[Entries shown]:
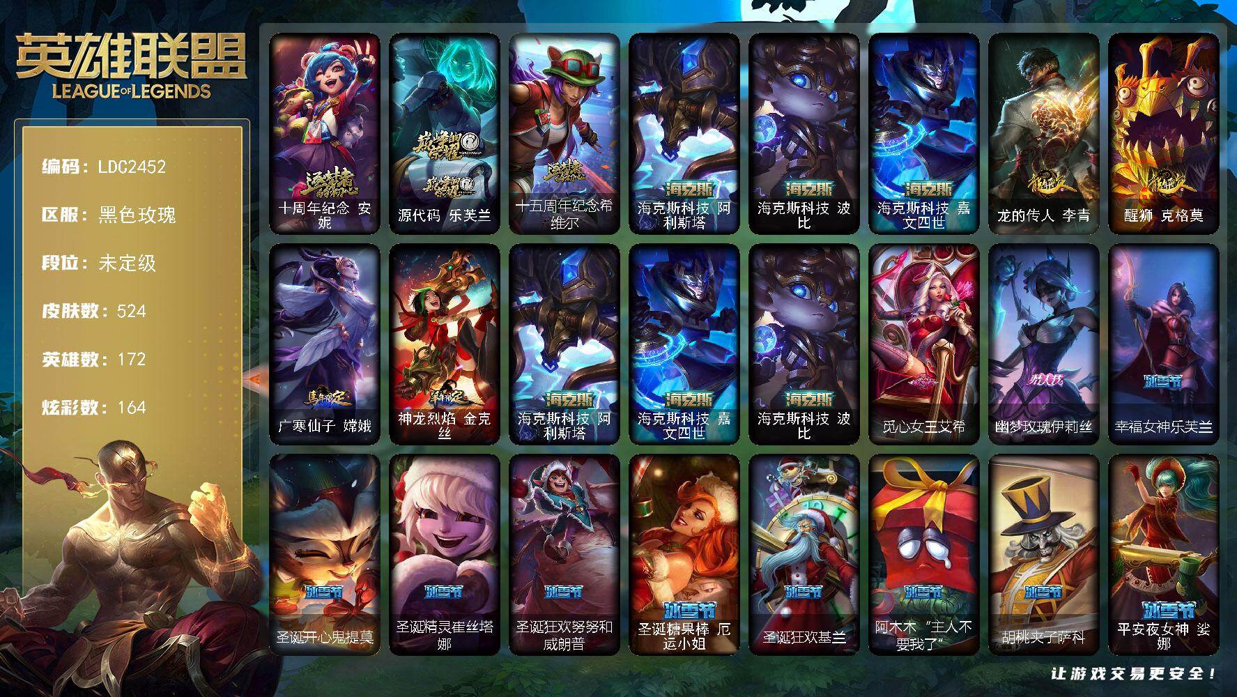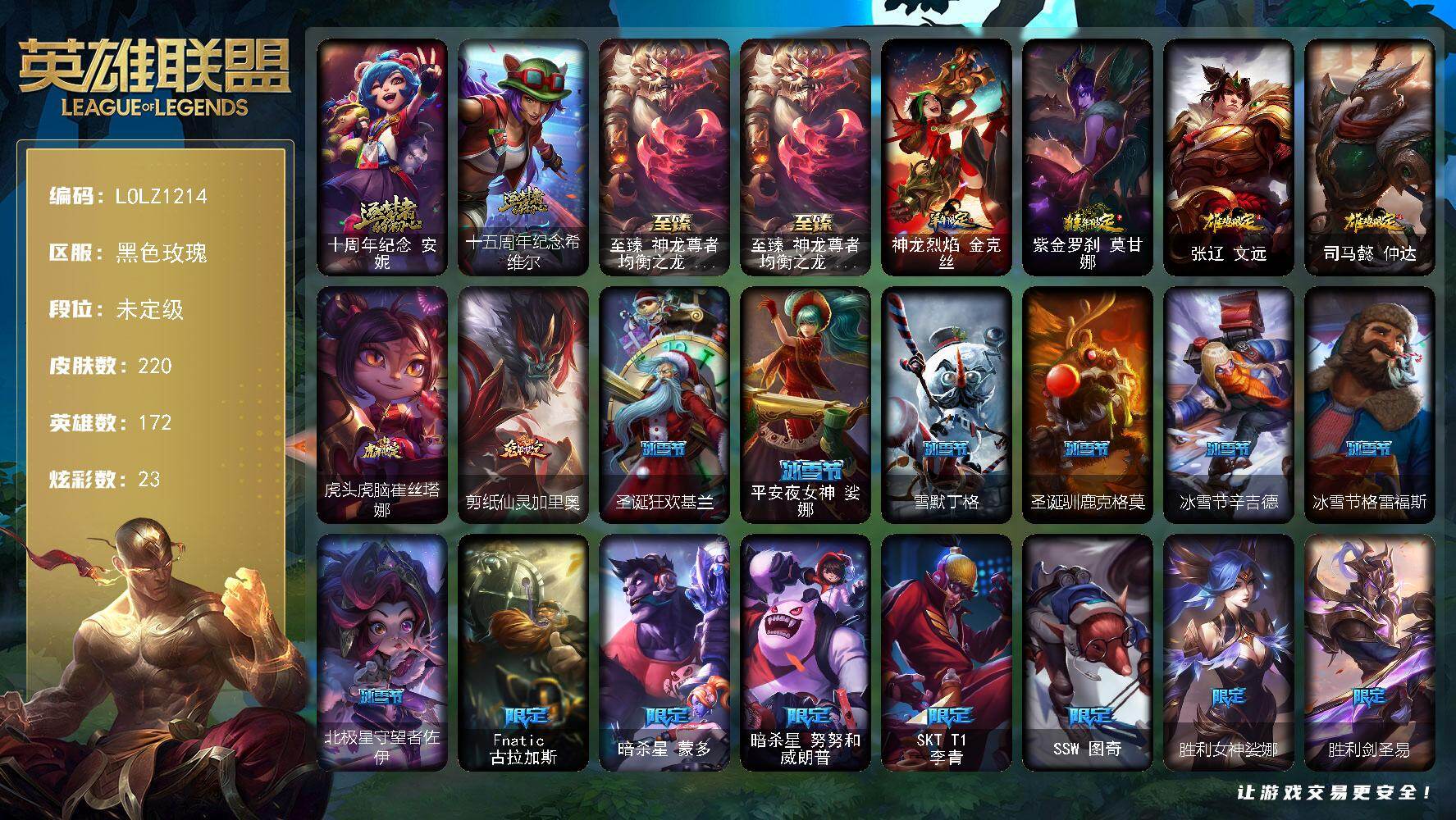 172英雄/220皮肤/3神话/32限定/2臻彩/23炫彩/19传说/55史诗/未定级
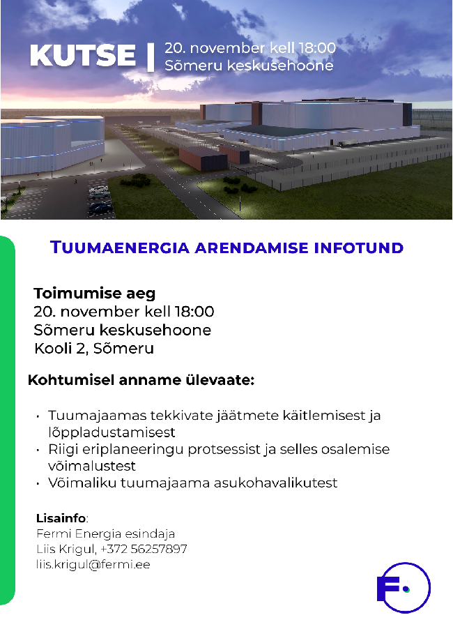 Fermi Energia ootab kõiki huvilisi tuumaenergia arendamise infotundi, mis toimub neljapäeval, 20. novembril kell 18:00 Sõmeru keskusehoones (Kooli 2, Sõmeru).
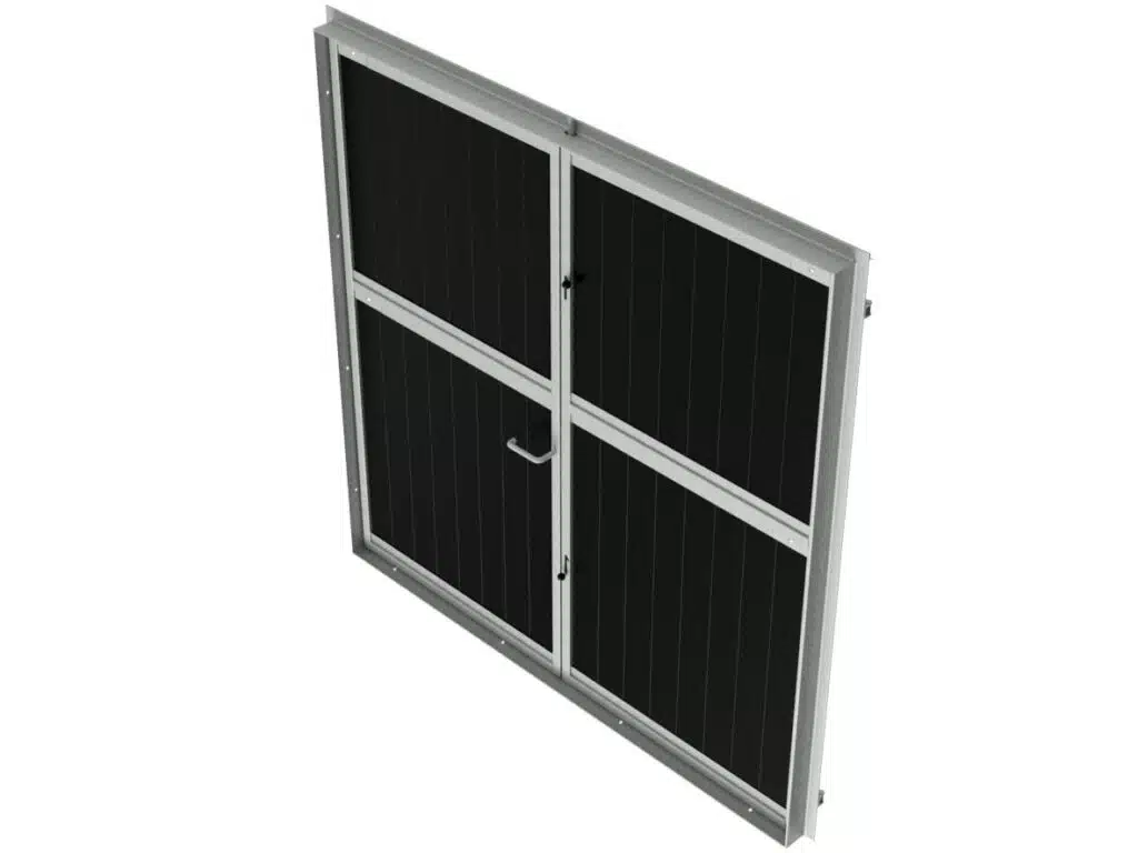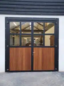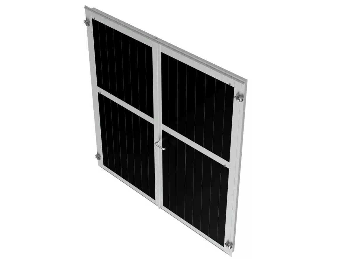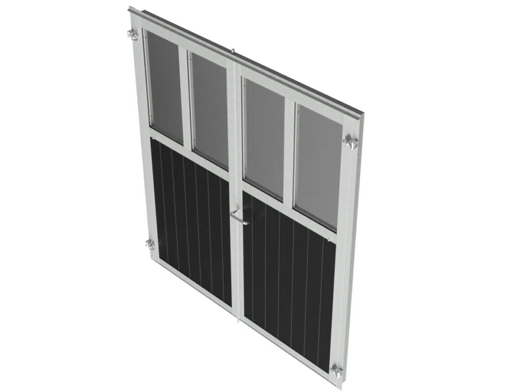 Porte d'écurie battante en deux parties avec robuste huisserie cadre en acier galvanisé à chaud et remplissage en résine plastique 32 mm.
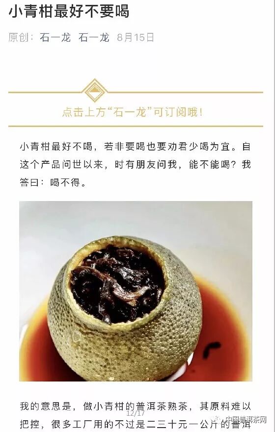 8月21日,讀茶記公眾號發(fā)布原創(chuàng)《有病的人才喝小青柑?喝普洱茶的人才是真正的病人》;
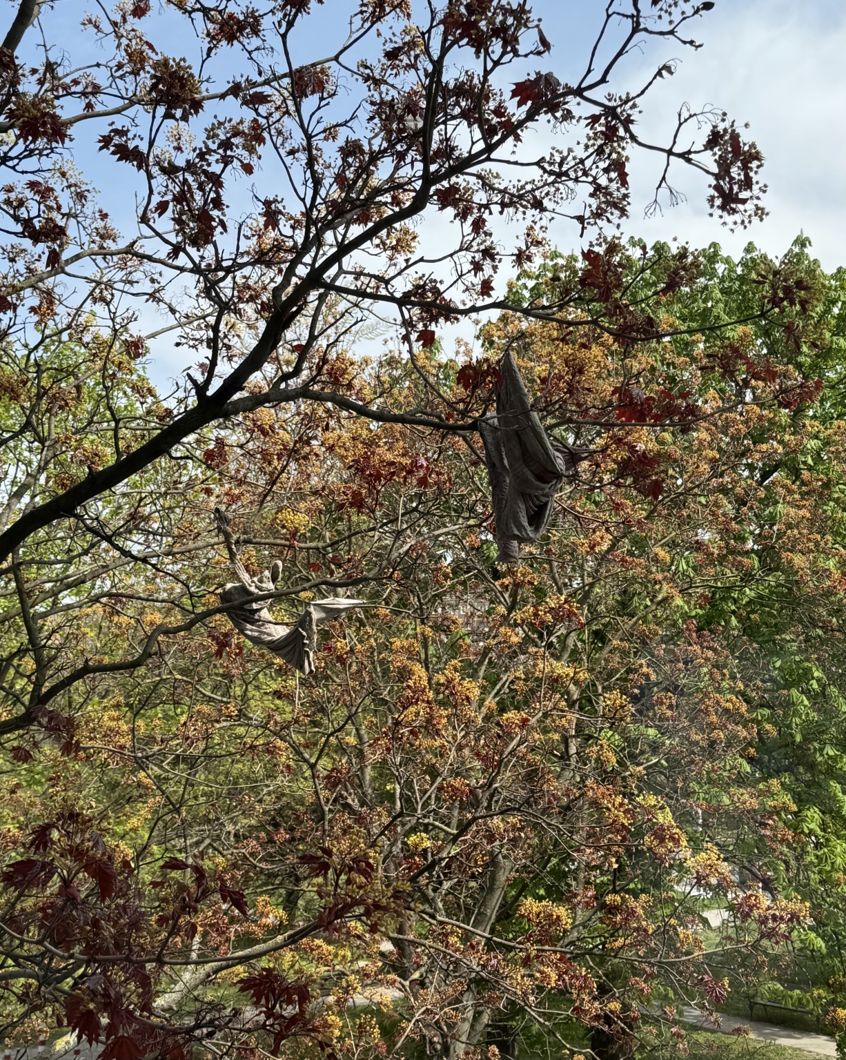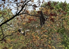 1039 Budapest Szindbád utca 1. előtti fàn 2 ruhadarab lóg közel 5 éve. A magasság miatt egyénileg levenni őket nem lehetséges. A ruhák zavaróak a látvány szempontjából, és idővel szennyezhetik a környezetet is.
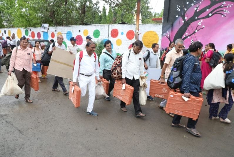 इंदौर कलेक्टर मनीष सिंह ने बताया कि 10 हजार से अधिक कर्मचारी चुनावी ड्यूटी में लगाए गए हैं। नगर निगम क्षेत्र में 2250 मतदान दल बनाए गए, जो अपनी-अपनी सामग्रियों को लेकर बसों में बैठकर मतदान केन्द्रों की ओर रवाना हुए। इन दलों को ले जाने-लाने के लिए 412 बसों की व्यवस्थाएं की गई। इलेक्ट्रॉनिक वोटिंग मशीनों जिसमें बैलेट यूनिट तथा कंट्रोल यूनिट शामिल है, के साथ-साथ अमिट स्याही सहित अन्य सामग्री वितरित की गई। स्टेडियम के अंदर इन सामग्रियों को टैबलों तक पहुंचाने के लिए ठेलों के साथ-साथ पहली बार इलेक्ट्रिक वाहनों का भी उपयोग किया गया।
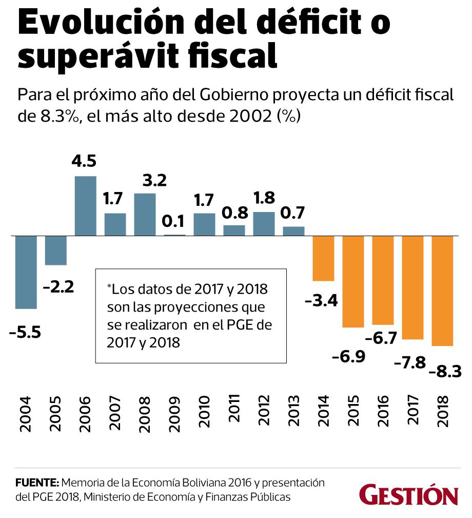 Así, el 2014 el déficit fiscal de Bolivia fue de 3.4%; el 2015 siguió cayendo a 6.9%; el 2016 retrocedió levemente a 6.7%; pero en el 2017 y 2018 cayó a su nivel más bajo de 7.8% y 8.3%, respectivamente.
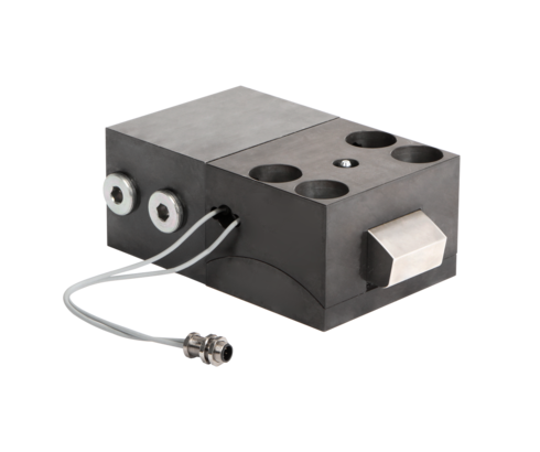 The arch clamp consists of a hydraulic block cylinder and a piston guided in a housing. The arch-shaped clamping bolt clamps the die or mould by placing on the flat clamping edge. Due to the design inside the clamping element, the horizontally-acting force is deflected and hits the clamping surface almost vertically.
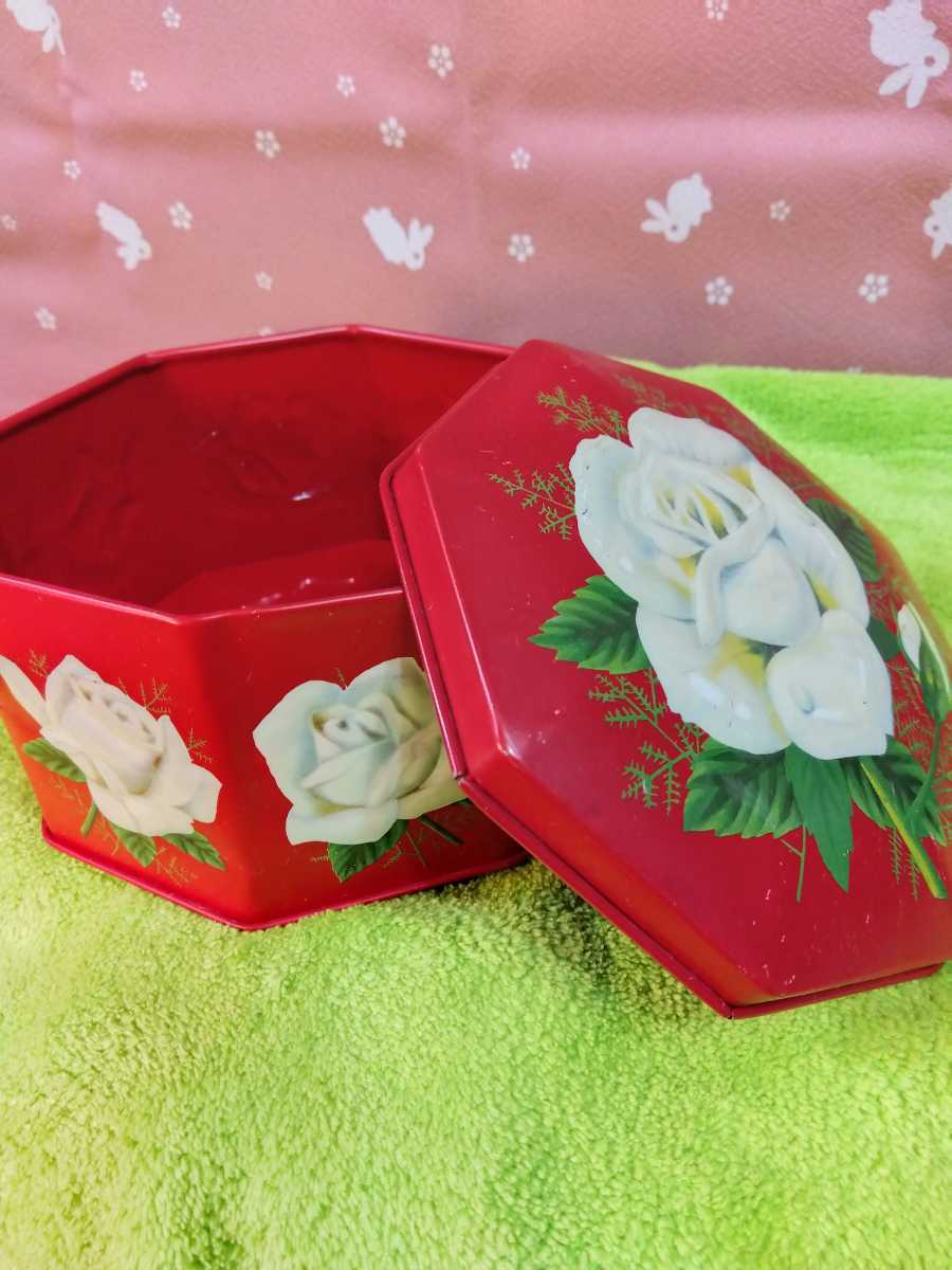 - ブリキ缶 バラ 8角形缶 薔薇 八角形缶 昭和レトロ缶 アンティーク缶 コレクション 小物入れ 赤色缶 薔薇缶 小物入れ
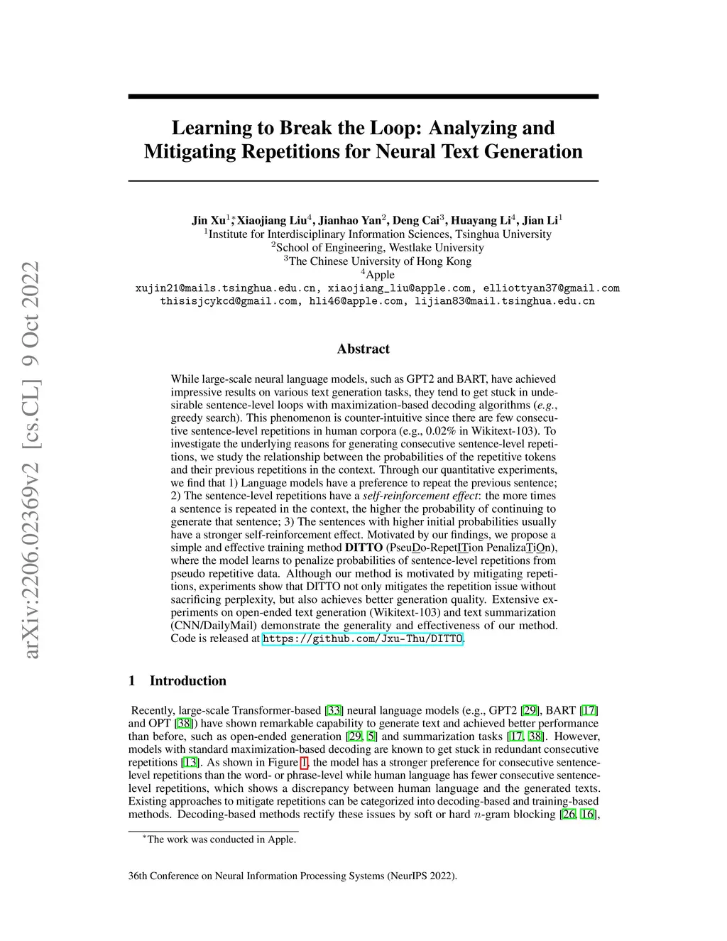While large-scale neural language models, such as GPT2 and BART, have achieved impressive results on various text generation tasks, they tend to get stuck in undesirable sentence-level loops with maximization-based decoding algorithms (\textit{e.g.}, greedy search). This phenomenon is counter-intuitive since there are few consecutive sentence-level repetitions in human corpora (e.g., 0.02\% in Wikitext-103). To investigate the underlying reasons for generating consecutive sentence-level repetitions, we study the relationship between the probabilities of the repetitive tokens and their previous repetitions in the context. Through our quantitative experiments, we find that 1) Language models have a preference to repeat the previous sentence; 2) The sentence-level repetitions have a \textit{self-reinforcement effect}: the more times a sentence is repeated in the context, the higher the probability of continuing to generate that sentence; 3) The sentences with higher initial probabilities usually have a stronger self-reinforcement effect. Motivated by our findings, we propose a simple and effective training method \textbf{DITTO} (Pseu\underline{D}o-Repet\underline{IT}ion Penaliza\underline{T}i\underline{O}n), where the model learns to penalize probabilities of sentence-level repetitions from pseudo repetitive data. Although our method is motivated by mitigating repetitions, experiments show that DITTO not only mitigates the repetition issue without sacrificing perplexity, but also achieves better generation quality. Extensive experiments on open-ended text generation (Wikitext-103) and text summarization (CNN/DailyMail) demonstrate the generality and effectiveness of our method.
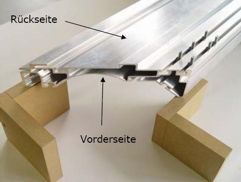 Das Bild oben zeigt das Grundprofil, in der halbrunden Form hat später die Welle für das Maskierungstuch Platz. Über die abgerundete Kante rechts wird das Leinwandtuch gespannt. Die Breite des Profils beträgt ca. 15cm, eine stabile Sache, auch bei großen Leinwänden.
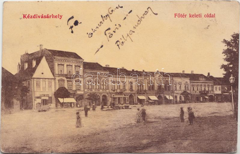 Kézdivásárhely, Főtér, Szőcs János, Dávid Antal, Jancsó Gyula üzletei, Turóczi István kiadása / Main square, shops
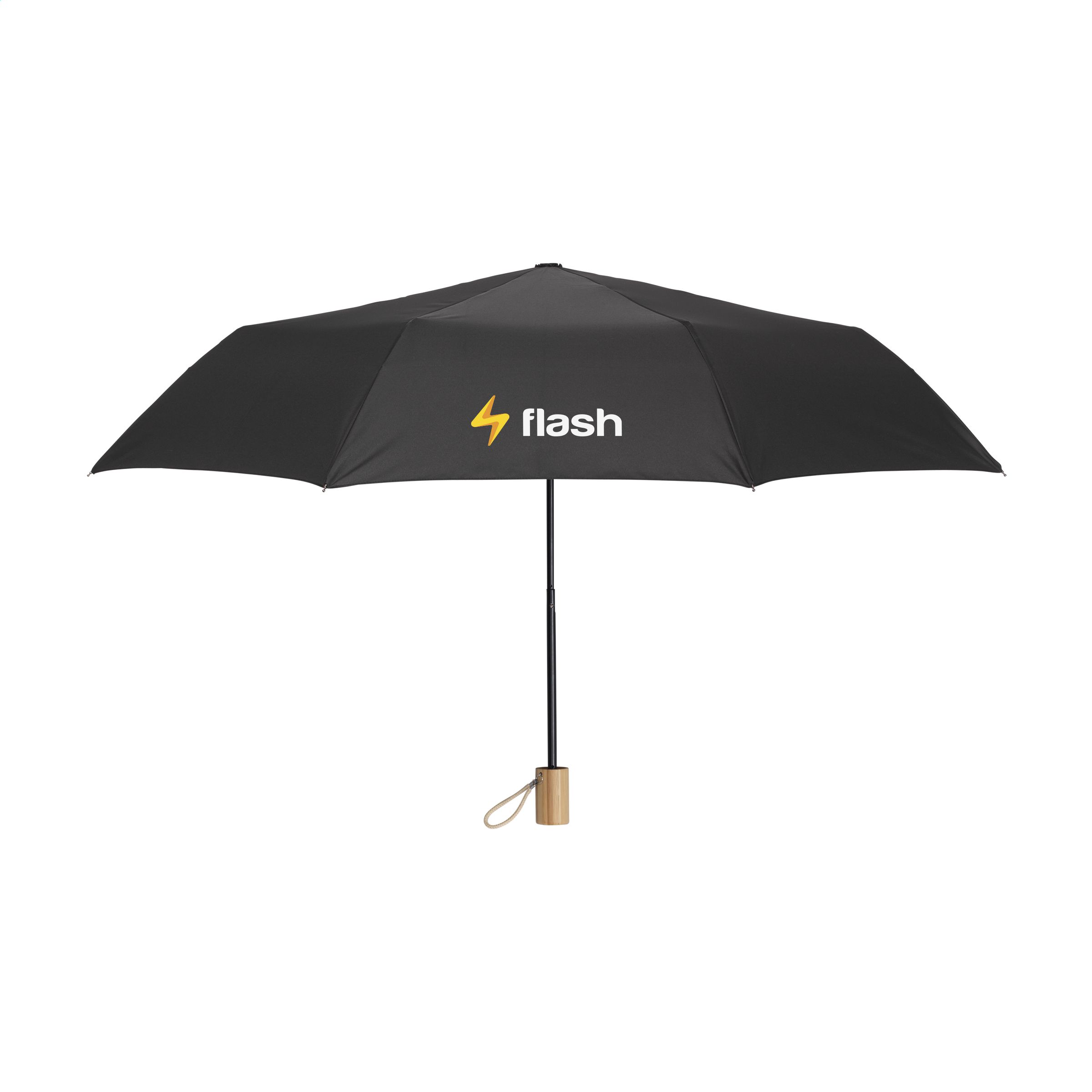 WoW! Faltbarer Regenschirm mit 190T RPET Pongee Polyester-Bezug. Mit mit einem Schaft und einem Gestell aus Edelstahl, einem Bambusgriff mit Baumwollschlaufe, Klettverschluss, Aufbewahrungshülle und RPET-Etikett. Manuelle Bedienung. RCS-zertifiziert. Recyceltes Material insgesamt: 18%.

[Work required]: Everything above from the line that has "Fermi Energia ootab" down to the line that has "- ブリキ缶 バラ 8角形缶" should be output exactly, with both of those lines included. Leave the pictures behind.

[Response to this task]:
 Fermi Energia ootab kõiki huvilisi tuumaenergia arendamise infotundi, mis toimub neljapäeval, 20. novembril kell 18:00 Sõmeru keskusehoones (Kooli 2, Sõmeru).
 Porte d'écurie battante en deux parties avec robuste huisserie cadre en acier galvanisé à chaud et remplissage en résine plastique 32 mm.
 8月21日,讀茶記公眾號發(fā)布原創(chuàng)《有病的人才喝小青柑?喝普洱茶的人才是真正的病人》;
 1039 Budapest Szindbád utca 1. előtti fàn 2 ruhadarab lóg közel 5 éve. A magasság miatt egyénileg levenni őket nem lehetséges. A ruhák zavaróak a látvány szempontjából, és idővel szennyezhetik a környezetet is.
 इंदौर कलेक्टर मनीष सिंह ने बताया कि 10 हजार से अधिक कर्मचारी चुनावी ड्यूटी में लगाए गए हैं। नगर निगम क्षेत्र में 2250 मतदान दल बनाए गए, जो अपनी-अपनी सामग्रियों को लेकर बसों में बैठकर मतदान केन्द्रों की ओर रवाना हुए। इन दलों को ले जाने-लाने के लिए 412 बसों की व्यवस्थाएं की गई। इलेक्ट्रॉनिक वोटिंग मशीनों जिसमें बैलेट यूनिट तथा कंट्रोल यूनिट शामिल है, के साथ-साथ अमिट स्याही सहित अन्य सामग्री वितरित की गई। स्टेडियम के अंदर इन सामग्रियों को टैबलों तक पहुंचाने के लिए ठेलों के साथ-साथ पहली बार इलेक्ट्रिक वाहनों का भी उपयोग किया गया।
 Así, el 2014 el déficit fiscal de Bolivia fue de 3.4%; el 2015 siguió cayendo a 6.9%; el 2016 retrocedió levemente a 6.7%; pero en el 2017 y 2018 cayó a su nivel más bajo de 7.8% y 8.3%, respectivamente.
 The arch clamp consists of a hydraulic block cylinder and a piston guided in a housing. The arch-shaped clamping bolt clamps the die or mould by placing on the flat clamping edge. Due to the design inside the clamping element, the horizontally-acting force is deflected and hits the clamping surface almost vertically.
 - ブリキ缶 バラ 8角形缶 薔薇 八角形缶 昭和レトロ缶 アンティーク缶 コレクション 小物入れ 赤色缶 薔薇缶 小物入れ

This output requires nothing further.